(this post is by Charles)
Last week, BayesComp 2023 took place in Levi, Finland. The conference covered a broad range of topics in Bayesian computation, with many high quality sessions, talks, and posters. Here’s a link to the talk abstracts. I presented two posters at the event. The first poster was on assessing the convergence of MCMC in the many-short-chains regime. I already blogged about this research (link): here’s the poster and the corresponding preprint.
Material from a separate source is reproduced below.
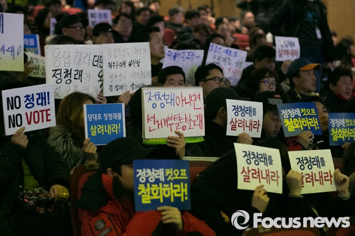 (서울=포커스뉴스) 정청래 더불어민주당 의원 지지자들이 13일 오후 서울 여의도 국회 의원회관에서 열린 더불어경제콘서트에 참석해, 정 의원 공천 탈락에 대해 항의하는 손팻말을 들고 있다.

The second poster was also on the topic of running many chains in parallel but in the context of models based on ordinary differential equations (ODEs). This was the outcome of a project led by Stanislas du Ché, during his summer internship at Columbia University. We examined several pharmacometrics models, with likelihoods parameterized by the solution to an ODE. Having to solve an ODE inside a Bayesian model is challenging because the behavior of the ODE can change as the Markov chains journey across the parameter space. An ODE which is easy-to-solve at some point can be incredibly difficult somewhere else. In the past, we analyzed this issue in the illustrative planetary motion example (Gelman et al (2020), Section 11). This is the type of problem where we need to be careful about how we initialize our Markov chains and we should not rely on Stan’s defaults. Indeed, these defaults can start you in regions where your ODE is nearly impossible to solve and completely kill your computation! A popular heuristic is to draw the initial point from the prior distribution. On a related note, we need to construct priors carefully to exclude patently absurd parameter values and (hopefully) parameter values prone to frustrate our ODE solvers.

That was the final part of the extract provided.